Brief
Build the numerical toolkit by hand, not by calling a solver.
The point of the project was to implement the methods, not to lean on MATLAB’s built-in
solvers: write each algorithm from its definition, run it on engineering data, and check
the result against a known answer. The work spans seven problems covering the four
pillars of a numerical-methods course — root-finding, linear systems, curve fitting, and
integration.
Root-Finding
Bracketing and open methods on nonlinear equations.
Nonlinear roots are solved several ways and compared for convergence: the bisection
method (guaranteed but slow), fixed-point iteration, and the secant method
(faster, and no derivative required). Each routine tracks its own iteration count and
approximate relative error down to a set tolerance.
Linear Systems
Direct and iterative solvers for Ax = b.
Systems of equations are solved with Gauss elimination with partial pivoting, LU
decomposition, and the iterative Gauss–Seidel method, plus a routine that uses the
LU factors to form a full matrix inverse. Pivoting and iteration behaviour are checked
against MATLAB’s reference results.
Fitting & Interpolation
Regression and Lagrange interpolation on measured data.
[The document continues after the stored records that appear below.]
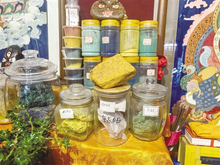 唐卡非遺文創(chuàng)體驗館中的傳統(tǒng)礦物顏料。
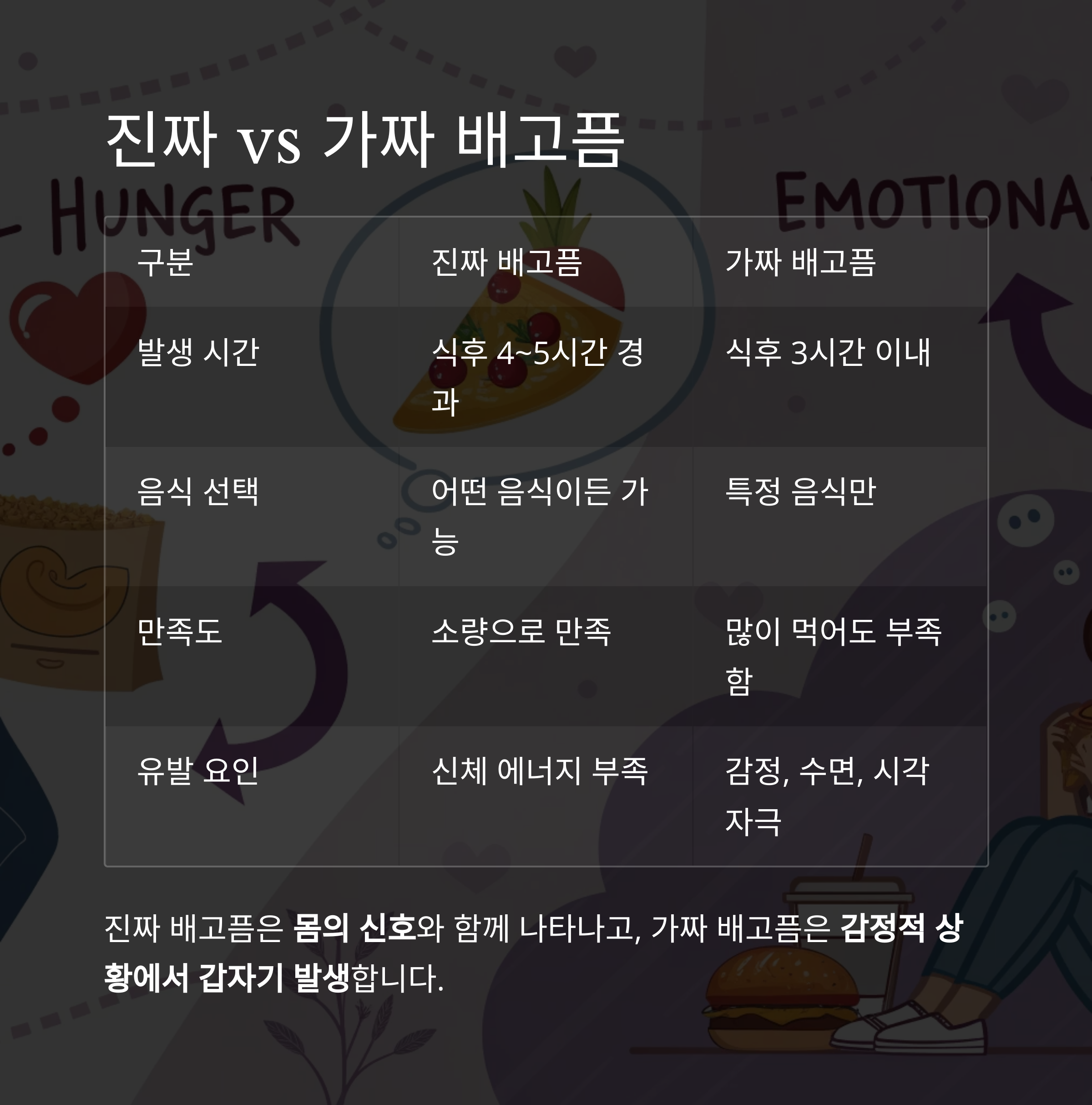 | 구분 | 진짜 배고픔 | 가짜 배고픔 |
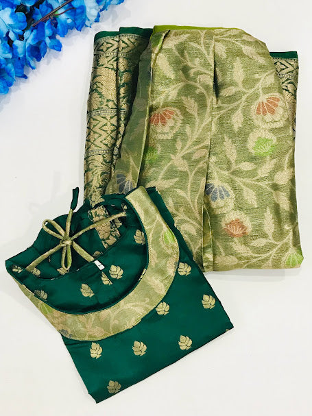 Gorgeous Green Color Zari Work With Silk Gown For Kids
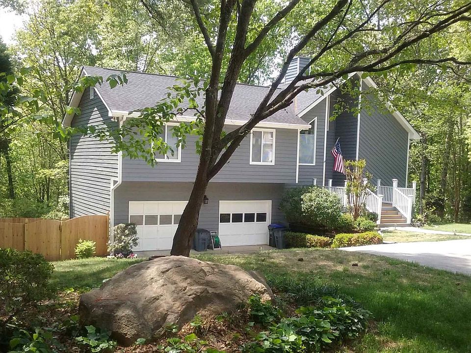 Tree top living! Private residence tucked nicely in a 3 home cul-de-sac. Architectural roof, new windows, doors, hardwood floors. Large kitchen with updated stainless steel appliances. Great room with cathedral ceilings and fireplace, formal dining room, master with garden tub. Oversized garage with workshop area. Fenced in courtyard.
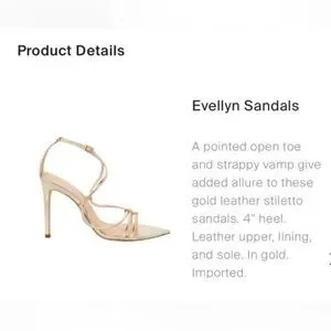 Gold leather stiletto heels. 4 inches. My daughter wore about 1 or 2 times. The heels come with dust bag.
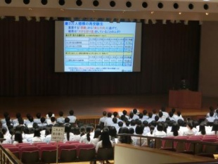 2018年06月18日(月) 中6・高3 < 過去のニュース 中6高3 学年集会・保護者会 6月16日(土),中6・高3で学年集会・保護者会が行われました。 駿台の大草敏広先生から,夢の実現に向けて,進路に関する説明をしていただきました。 この話をしっかり心にとめつつ,残された時間しっかりと目標の決定と学習に励んでほしいです。
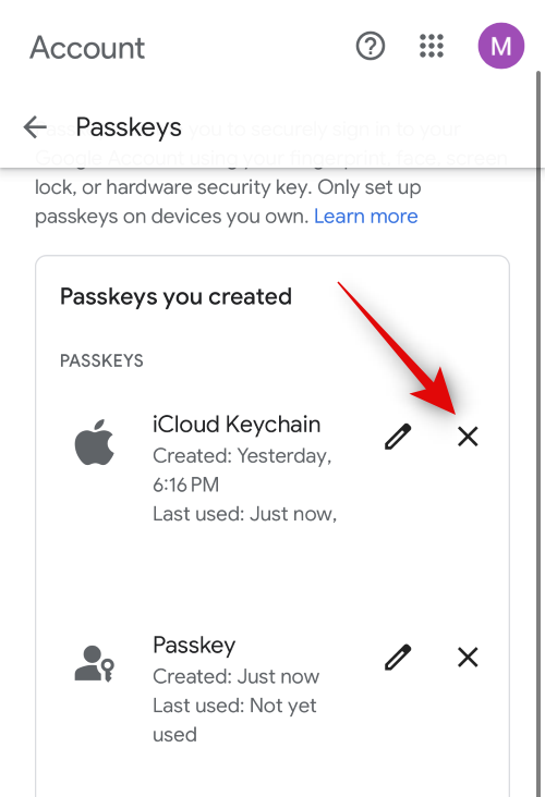 - Once signed in, you will be presented with the Passkeys page. Tap on the X icon beside the passkey you wish to remove.
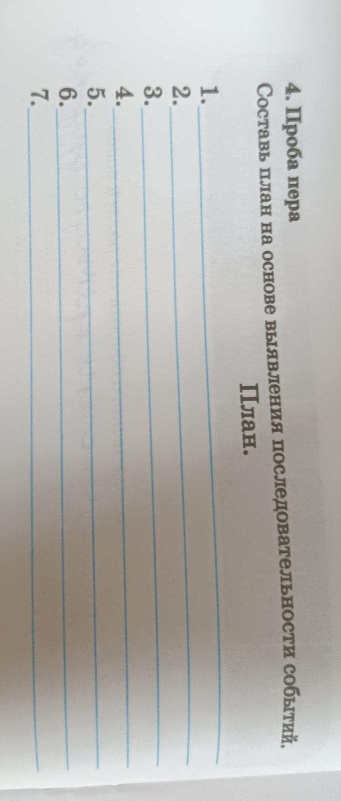 4. Проба пера Составь план на основе выявления последовательности событий. План. 1. 2. 3. 4. 5. 6. 7.
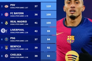 體育資訊2月26日訊 德轉(zhuǎn)盤點了本賽季歐洲前十聯(lián)賽球隊各項賽事進球榜,其中巴薩39場120球居首,以下為具體榜單:
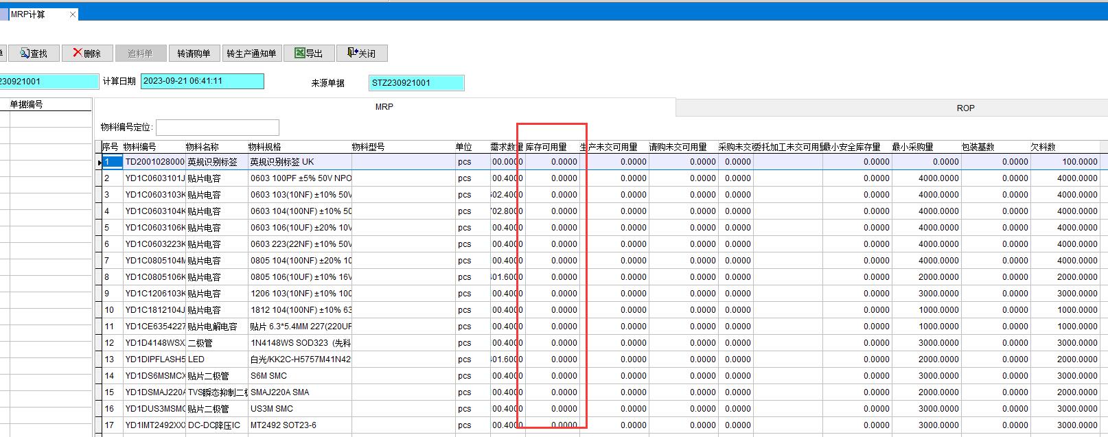臨近要生產的工單(生產通知單)還未領料,在領料前看庫存料是否滿足領料需求
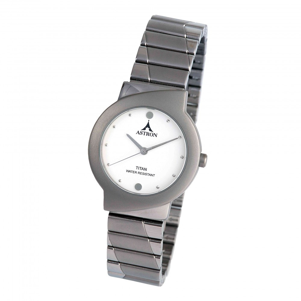 ASTRON 5262-7 női karóra, ékszeróra, szürke színű titánium tok, titánium csat, fehér számlap, keményített ásványüveg, quartz szerkezet, cseppmentes vízállóság
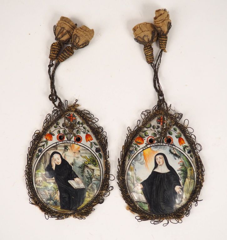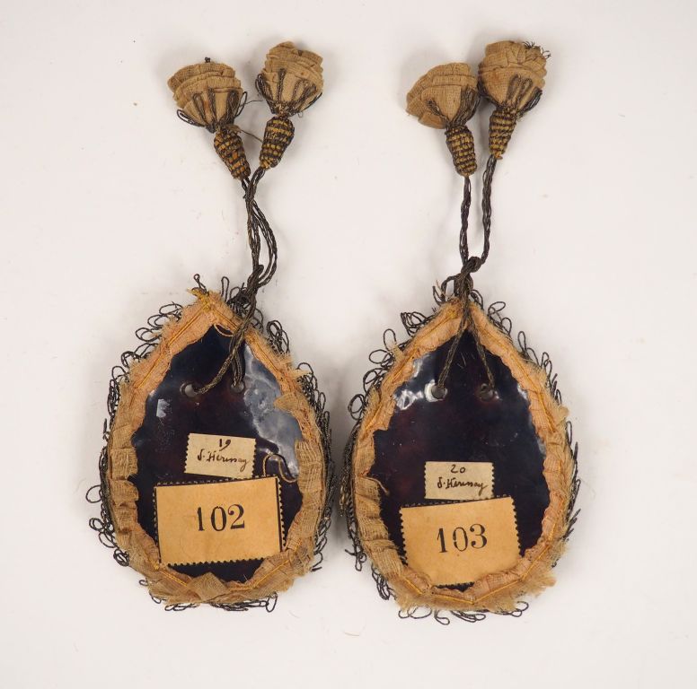 Paire de plaques de bourse en émail peint polychrome représentant sainte Scholastique et saint Benoît , montures de passementerie. Contres-émaux violacés , anciennes étiquettes au dos. Limoges, ateliers des derniers Nouailher, début du XVIIIème siècle. Hauteur : 9 cm – Largeur : 6 cm Provenance : ancienne collection Jacques Hérissay, n°19 et 20 Expert : Laurence Fligny
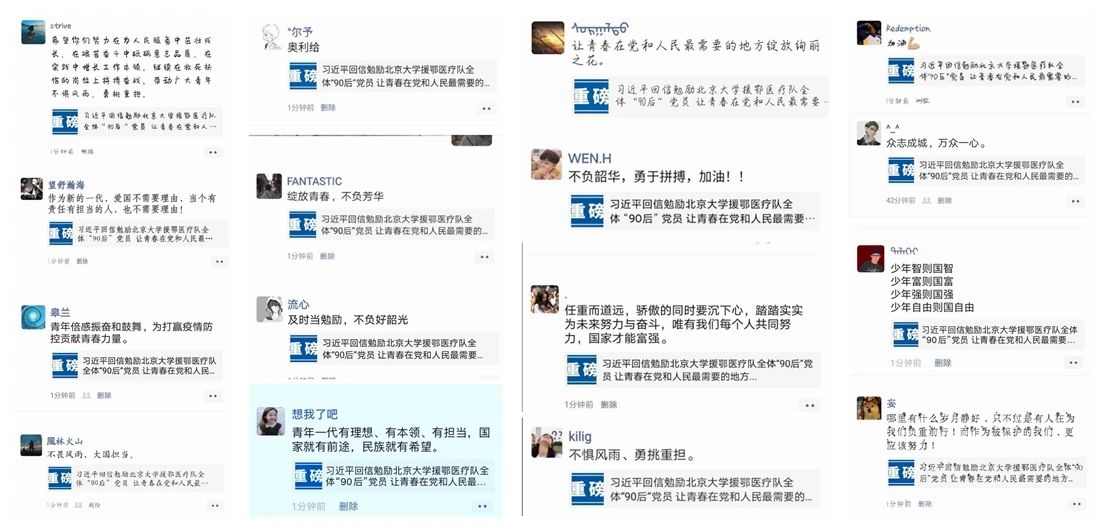 灾难当前,每一次数据变化都牵动着全国人民的心,在这场全世界的考验中,我国表现出了超时代的大爱,充分展现了身为一个东方大国的责任与担当。而在这场没有硝烟的战争中,无数青年主动请缨,于阴霾疫情中注入新的生机与力量,在实践中成长,在磨难中奋战,我们终将成为疫情防控的中坚力量,以青春背负时代热血,在华夏大地绽放崭新的未来。

A multiple linear regression routine fits a response to two predictors through the
normal equations (B = (XᵀX)⁻¹ XᵀY) and reports the coefficients, predictions, and
residuals. A third-order Lagrange interpolation estimates a thermistor’s resistance
between calibration points — for example, the resistance at 33 °C from a four-point
resistance–temperature table.
Integration
Composite Simpson's 1/3 rule.
Definite integrals are evaluated with the composite Simpson’s 1/3 rule, choosing the
number of intervals to balance truncation error against effort.
Value
A reusable, verified reference for later engineering work.
The result is a small library of trustworthy, well-understood routines — the same methods
that sit underneath the control, signal-processing, and modelling work elsewhere in this
portfolio. Implementing them from first principles turns their failure modes — pivoting,
convergence, step size — into something concrete rather than abstract.